=== Data to process ===

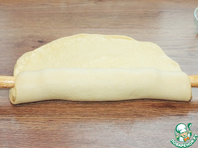 14. Скатываем два слоя теста на скалку.
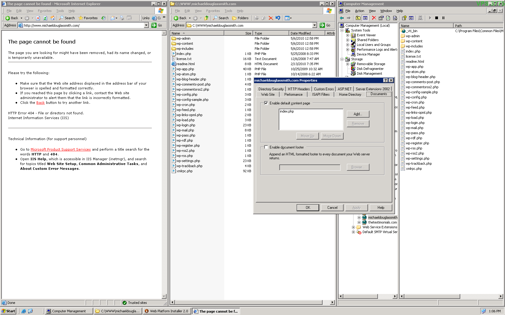 0 sbauer Posted May 7, 2010 Share Posted May 7, 2010 IIS 6.0 requires you to approve extensions before they can be executed, which is why you were seeing the 404 messages. I'm not familiar with the platform installer, but does it install PHP for you? If so, what DLL did the installer map .php to? (It's under the Home Directory tab > Configuration button) IIS 7 (Windows 7) is quite different from IIS 6. Saying it worked under Windows 7 is like saying it worked under IIS 3, but not IIS 6. Link to comment Share on other sites More sharing options...
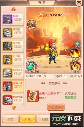 4、已激活的星君可通过使用同名激活卡提升资质与属性,也可通过觉悟仙果进行觉悟操作,增加觉悟属性;
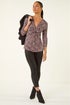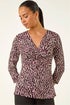 Petite Animal Print Twist Front Top from Roman. Throw some fierce vibes into your wardrobe with this stunning knot front top, perfect for the autumn winter season. The animal print design adds a touch of personality to the classic v-neckline and 3/4 sleeve style. The trendy knot front detail elevates this top to a chic statement piece. Pair it effortlessly with skinny jeans and ankle boots for a stylish on-the-go look!
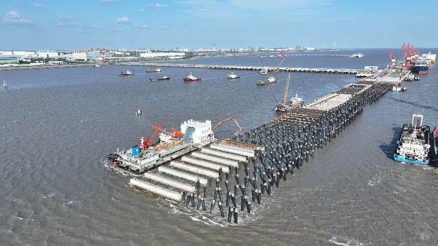 香港新聞網5月19日電 近日,由中交三航局承建的上海臨港新城東港區公用碼頭二期工程項目順利通過竣工驗收。 二期工程位於已建一期碼頭西側,蘆潮港車客渡碼頭和上海電氣重件碼頭之間,共設置2個7萬噸級(GT)滾裝泊位,主要新建包括長740米、寬60米的汽車滾裝碼頭和966米、寬18米的引橋各一座,并同步完成港池疏浚、防撞設施建設、電氣設施等配套工程。二期碼頭竣工投用後,將於一期碼頭協同作業,承接外高橋海通碼頭轉移的滾裝業務,進一步提升港區整體通過能力,預計上海南港滾裝汽車年吞吐量將今年可突破200萬輛。
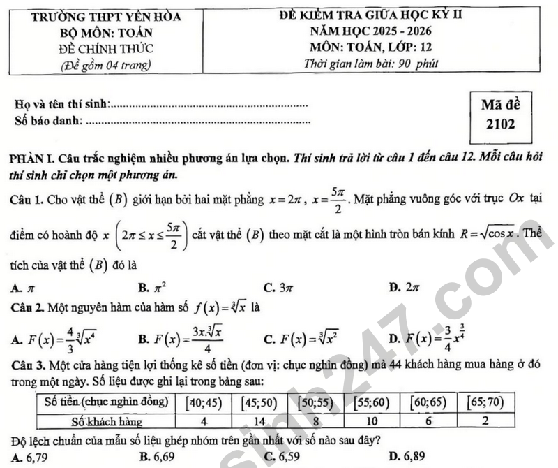 Đề giữa học kỳ 2 Toán 12 trường THPT Yên Hòa – Hà Nội năm 2026 Câu 1. Nhân dịp 8/3, các bạn trai lớp bạn Minh tự tay làm hộp quà để tặng các cô giáo của lớp. Mỗi hộp quà có dạng một hình chóp tứ giác đều S.ABCD (như hình dưới đây), các mặt bên và mặt đáy dán giấy bóng kính trong suốt, bên trong hộp quà sẽ gắn vật trang trí. Để làm khung cho hộp quà, cần dùng một đoạn dây thép dài 1,6 m và cắt thành ba đoạn: đoạn thứ nhất uốn thành viền của hình vuông đáy có cạnh bằng x (cm), hai đoạn còn lại có độ dài bằng nhau uốn thành các đường gấp khúc ASB và CSD (coi các mối nối là không đáng kể). Tìm x để phần không gian bên trong hộp quà có thể tích lớn nhất (kết quả làm tròn đến hàng phần chục).
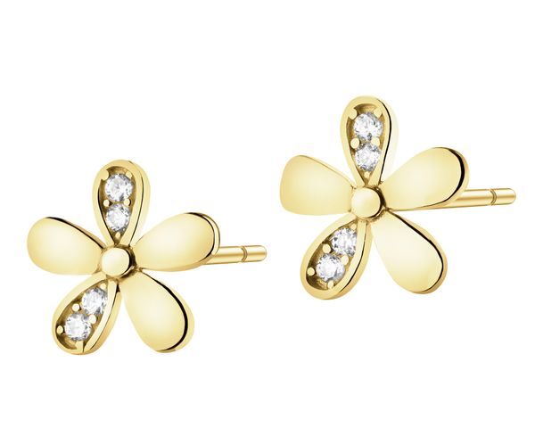 Złote kolczyki z cyrkoniami – kwiaty – AP544-1597. Żółte złoto
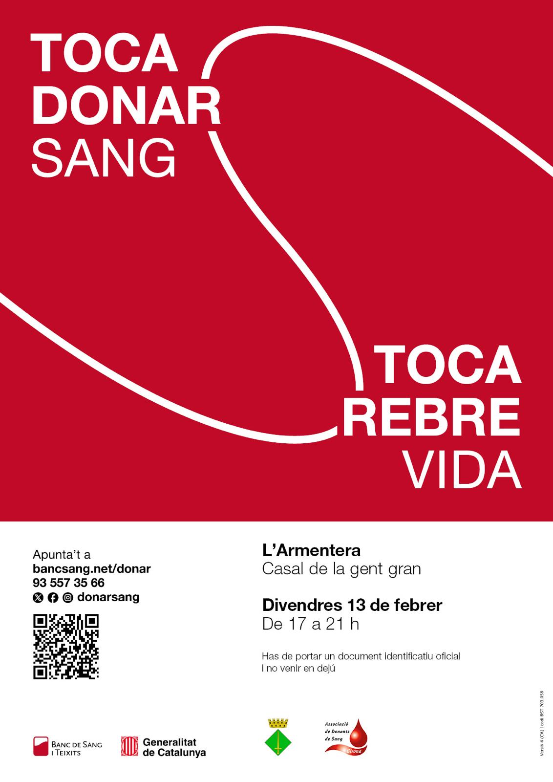 📅 Divendres 13 de febrer🕔 De 17 a 21 h📍 Casal de la gent gran Toca donar sang. Toca rebre vida.
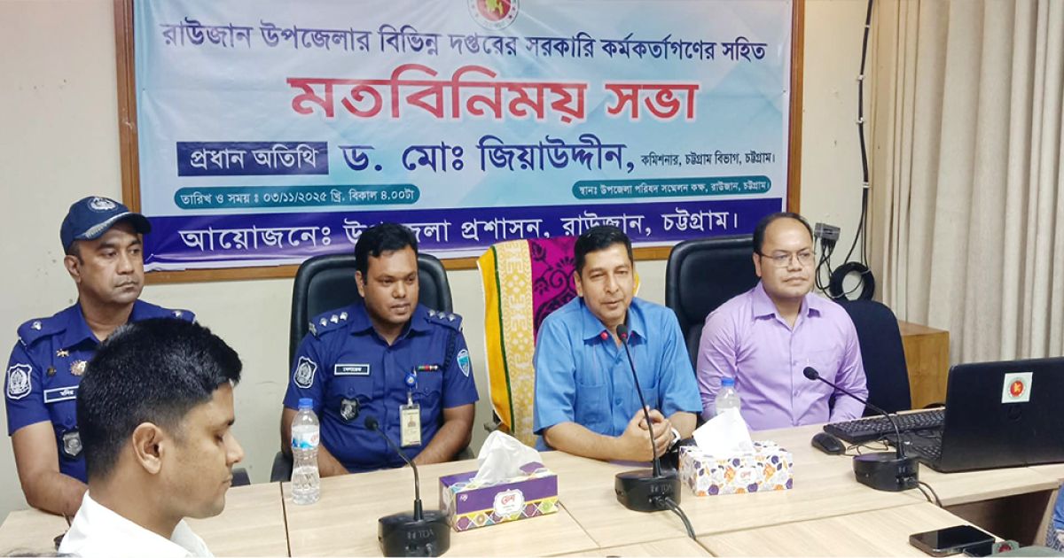 চট্টগ্রাম বিভাগের বিভাগীয় কমিশনার ড. মোহাম্মদ জিয়াউদ্দিন বলেছেন, ‘রাউজানের পরিস্থিতি ভয়ংকর মনে হলেও, বাস্তবে সব উন্নয়ন সূচকে রাউজান এগিয়ে আছে। এখানে শুধু হত্যাকাণ্ডের ঘটনা তুলনামূলক বেশি ঘটে। আমরা একটি সুন্দর ও শান্তিপূর্ণ বাংলাদেশ চাই, এজন্য রাজনৈতিক কমিটমেন্ট ও সমন্বিত প্রচেষ্টা জরুরি।’ গত সোমবার রাউজান উপজেলা প্রশাসনের উদ্যোগে আয়োজিত এক অনুষ্ঠানে তিনি এসব কথা বলেন। অনুষ্ঠানে উপজেলার বিভিন্ন শিক্ষা প্রতিষ্ঠানে ক্রীড়া সামগ্রী বিতরণ ও দুঃস্থদের মাঝে আর্থিক সহায়তা প্রদান করা হয়। রাউজান উপজেলা অডিটোরিয়ামে অনুষ্ঠিত অনুষ্ঠানে সভাপতিত্ব করেন উপজেলা নির্বাহী অফিসার (ইউএনও) জিসান বিন মাজেদ। সঞ্চালনা করেন সহকারী কমিশনার (ভূমি) অংছিং মারমা। অনুষ্ঠানে বিশেষ অতিথি ছিলেন সহকারী পুলিশ সুপার বেলায়েত হোসেন। বক্তব্য রাখেন রাউজান থানার ভারপ্রাপ্ত কর্মকর্তা মনিরুল ইসলাম ভূঁইয়া, উপজেলা কৃষি কর্মকর্তা মাসুম কবির, উপজেলা প্রাথমিক শিক্ষা কর্মকর্তা নুরুন নবী, মাধ্যমিক একাডেমি সুপারভাইজার সজল চন্দ্র চন্দ, সমাজসেবা কর্মকর্তা মনিরুল ইসলাম, সমবায় কর্মকর্তা মিন্টু বড়ুয়া, প্রাণিসম্পদ কর্মকর্তা জয়িতা বসু, পল্লী বিদ্যুৎ সমিতির জিএম হারুন আর রশিদ ও উপজেলা প্রকৌশলী আবুল কালামসহ বিভিন্ন দপ্তরের কর্মকর্তারা। পরে বিভাগীয় কমিশনার উপজেলা পরিষদে কর্মরত সরকারি কর্মকর্তাদের সঙ্গে মতবিনিময় সভা করেন। এ সময় ইউএনও জিসান বিন মাজেদ টিভি ডিসপ্লের মাধ্যমে ‘সম্ভাবনাময় রাউজান’ শীর্ষক একটি উপস্থাপনা প্রদর্শন করেন, যেখানে রাউজানের উন্নয়নচিত্র তুলে ধরা হয়। সরকারি কর্মকর্তারা তাদের নিজ নিজ দপ্তরের সমস্যা ও সম্ভাবনা তুলে ধরেন বিভাগীয় কমিশনারের সামনে। অনুষ্ঠান শেষে বিভাগীয় কমিশনার ইউএনও বাসভবনের পাশে নবনির্মিত ‘ফুলঝুরি পার্ক’ উদ্বোধন করেন।
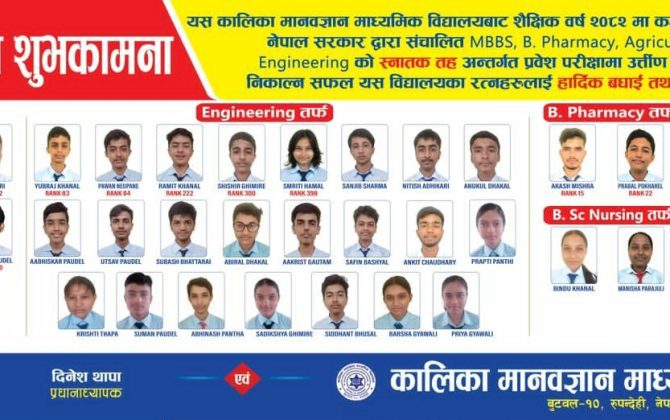 बुटवल,१४ मंसिर । बुटवल १० कालिका नगरमा रहेको कालिकामानवज्ञान मावि बाट कक्षा १२ उत्र्तीण गरेका ४२ जना विद्यार्थीले नेपाल सरकारले प्रदान गर्ने स्नातक तर्फ विभिन्न संकायका निःशुल्क छात्रवृत्तीमा नाम निकाल्न सफल भएका...
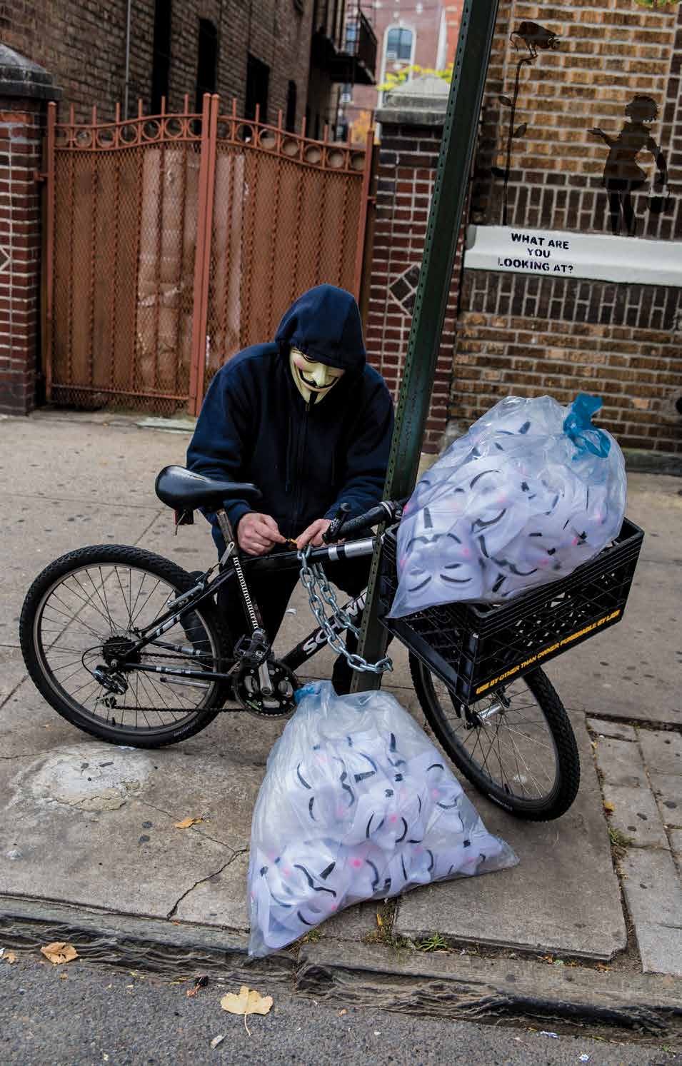 A hooded man in an Anonymous mask is seen unlocking his bicycle with two large bags of masks in tow.
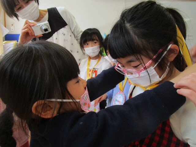 「ありがとう!」の言葉を添えて、年長組のお兄さん、お姉さんにメダルをかけました。
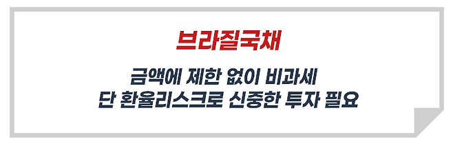 이러한 이유로 한때 고소득의 자산가들에게 브라질국채가 금융절세상품으로 많은 주목을 받았었는데요.
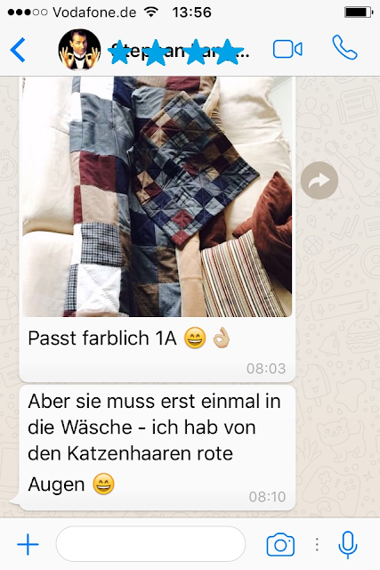 Tja, so eine Patchworkdecke lässt sich nicht nähen ohne, dass die heimischen Katzen mitmischen, drüberlaufen und probeschlafen. Da hat es ein Tierhaaralergiker etwas schwer.
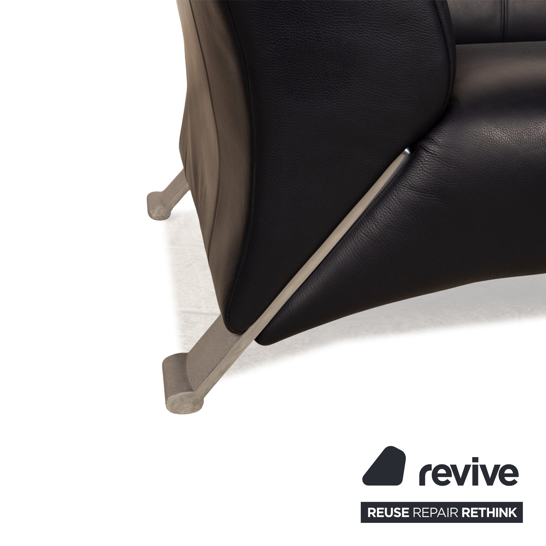 The 322 sofa by Rolf Benz is covered in dark blue genuine leather and stands on silver metal feet. The modern design and rounded edges characterize the three-seater.
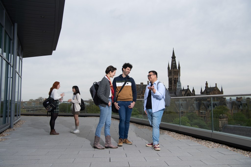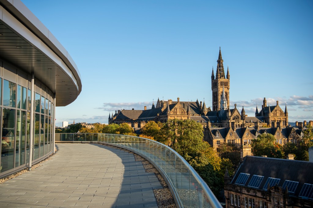 The Gilbert Scott Building seen from the James McCune Smith Learning HubStudents on the viewing deck of the James McCune Smith Learning Hub (UofG Photo Library)

===

**Exercise instructions**
The full data, repeated exactly and stripped of its pictures, is the expected answer.

**Task response**
 14. Скатываем два слоя теста на скалку.
 0 sbauer Posted May 7, 2010 Share Posted May 7, 2010 IIS 6.0 requires you to approve extensions before they can be executed, which is why you were seeing the 404 messages. I'm not familiar with the platform installer, but does it install PHP for you? If so, what DLL did the installer map .php to? (It's under the Home Directory tab > Configuration button) IIS 7 (Windows 7) is quite different from IIS 6. Saying it worked under Windows 7 is like saying it worked under IIS 3, but not IIS 6. Link to comment Share on other sites More sharing options...
 4、已激活的星君可通过使用同名激活卡提升资质与属性,也可通过觉悟仙果进行觉悟操作,增加觉悟属性;
 Petite Animal Print Twist Front Top from Roman. Throw some fierce vibes into your wardrobe with this stunning knot front top, perfect for the autumn winter season. The animal print design adds a touch of personality to the classic v-neckline and 3/4 sleeve style. The trendy knot front detail elevates this top to a chic statement piece. Pair it effortlessly with skinny jeans and ankle boots for a stylish on-the-go look!
 香港新聞網5月19日電 近日,由中交三航局承建的上海臨港新城東港區公用碼頭二期工程項目順利通過竣工驗收。 二期工程位於已建一期碼頭西側,蘆潮港車客渡碼頭和上海電氣重件碼頭之間,共設置2個7萬噸級(GT)滾裝泊位,主要新建包括長740米、寬60米的汽車滾裝碼頭和966米、寬18米的引橋各一座,并同步完成港池疏浚、防撞設施建設、電氣設施等配套工程。二期碼頭竣工投用後,將於一期碼頭協同作業,承接外高橋海通碼頭轉移的滾裝業務,進一步提升港區整體通過能力,預計上海南港滾裝汽車年吞吐量將今年可突破200萬輛。
 Đề giữa học kỳ 2 Toán 12 trường THPT Yên Hòa – Hà Nội năm 2026 Câu 1. Nhân dịp 8/3, các bạn trai lớp bạn Minh tự tay làm hộp quà để tặng các cô giáo của lớp. Mỗi hộp quà có dạng một hình chóp tứ giác đều S.ABCD (như hình dưới đây), các mặt bên và mặt đáy dán giấy bóng kính trong suốt, bên trong hộp quà sẽ gắn vật trang trí. Để làm khung cho hộp quà, cần dùng một đoạn dây thép dài 1,6 m và cắt thành ba đoạn: đoạn thứ nhất uốn thành viền của hình vuông đáy có cạnh bằng x (cm), hai đoạn còn lại có độ dài bằng nhau uốn thành các đường gấp khúc ASB và CSD (coi các mối nối là không đáng kể). Tìm x để phần không gian bên trong hộp quà có thể tích lớn nhất (kết quả làm tròn đến hàng phần chục).
 Złote kolczyki z cyrkoniami – kwiaty – AP544-1597. Żółte złoto
 📅 Divendres 13 de febrer🕔 De 17 a 21 h📍 Casal de la gent gran Toca donar sang. Toca rebre vida.
 চট্টগ্রাম বিভাগের বিভাগীয় কমিশনার ড. মোহাম্মদ জিয়াউদ্দিন বলেছেন, ‘রাউজানের পরিস্থিতি ভয়ংকর মনে হলেও, বাস্তবে সব উন্নয়ন সূচকে রাউজান এগিয়ে আছে। এখানে শুধু হত্যাকাণ্ডের ঘটনা তুলনামূলক বেশি ঘটে। আমরা একটি সুন্দর ও শান্তিপূর্ণ বাংলাদেশ চাই, এজন্য রাজনৈতিক কমিটমেন্ট ও সমন্বিত প্রচেষ্টা জরুরি।’ গত সোমবার রাউজান উপজেলা প্রশাসনের উদ্যোগে আয়োজিত এক অনুষ্ঠানে তিনি এসব কথা বলেন। অনুষ্ঠানে উপজেলার বিভিন্ন শিক্ষা প্রতিষ্ঠানে ক্রীড়া সামগ্রী বিতরণ ও দুঃস্থদের মাঝে আর্থিক সহায়তা প্রদান করা হয়। রাউজান উপজেলা অডিটোরিয়ামে অনুষ্ঠিত অনুষ্ঠানে সভাপতিত্ব করেন উপজেলা নির্বাহী অফিসার (ইউএনও) জিসান বিন মাজেদ। সঞ্চালনা করেন সহকারী কমিশনার (ভূমি) অংছিং মারমা। অনুষ্ঠানে বিশেষ অতিথি ছিলেন সহকারী পুলিশ সুপার বেলায়েত হোসেন। বক্তব্য রাখেন রাউজান থানার ভারপ্রাপ্ত কর্মকর্তা মনিরুল ইসলাম ভূঁইয়া, উপজেলা কৃষি কর্মকর্তা মাসুম কবির, উপজেলা প্রাথমিক শিক্ষা কর্মকর্তা নুরুন নবী, মাধ্যমিক একাডেমি সুপারভাইজার সজল চন্দ্র চন্দ, সমাজসেবা কর্মকর্তা মনিরুল ইসলাম, সমবায় কর্মকর্তা মিন্টু বড়ুয়া, প্রাণিসম্পদ কর্মকর্তা জয়িতা বসু, পল্লী বিদ্যুৎ সমিতির জিএম হারুন আর রশিদ ও উপজেলা প্রকৌশলী আবুল কালামসহ বিভিন্ন দপ্তরের কর্মকর্তারা। পরে বিভাগীয় কমিশনার উপজেলা পরিষদে কর্মরত সরকারি কর্মকর্তাদের সঙ্গে মতবিনিময় সভা করেন। এ সময় ইউএনও জিসান বিন মাজেদ টিভি ডিসপ্লের মাধ্যমে ‘সম্ভাবনাময় রাউজান’ শীর্ষক একটি উপস্থাপনা প্রদর্শন করেন, যেখানে রাউজানের উন্নয়নচিত্র তুলে ধরা হয়। সরকারি কর্মকর্তারা তাদের নিজ নিজ দপ্তরের সমস্যা ও সম্ভাবনা তুলে ধরেন বিভাগীয় কমিশনারের সামনে। অনুষ্ঠান শেষে বিভাগীয় কমিশনার ইউএনও বাসভবনের পাশে নবনির্মিত ‘ফুলঝুরি পার্ক’ উদ্বোধন করেন।
 बुटवल,१४ मंसिर । बुटवल १० कालिका नगरमा रहेको कालिकामानवज्ञान मावि बाट कक्षा १२ उत्र्तीण गरेका ४२ जना विद्यार्थीले नेपाल सरकारले प्रदान गर्ने स्नातक तर्फ विभिन्न संकायका निःशुल्क छात्रवृत्तीमा नाम निकाल्न सफल भएका...
 A hooded man in an Anonymous mask is seen unlocking his bicycle with two large bags of masks in tow.
 「ありがとう!」の言葉を添えて、年長組のお兄さん、お姉さんにメダルをかけました。
 이러한 이유로 한때 고소득의 자산가들에게 브라질국채가 금융절세상품으로 많은 주목을 받았었는데요.
 Tja, so eine Patchworkdecke lässt sich nicht nähen ohne, dass die heimischen Katzen mitmischen, drüberlaufen und probeschlafen. Da hat es ein Tierhaaralergiker etwas schwer.
 The 322 sofa by Rolf Benz is covered in dark blue genuine leather and stands on silver metal feet. The modern design and rounded edges characterize the three-seater.
 The Gilbert Scott Building seen from the James McCune Smith Learning HubStudents on the viewing deck of the James McCune Smith Learning Hub (UofG Photo Library)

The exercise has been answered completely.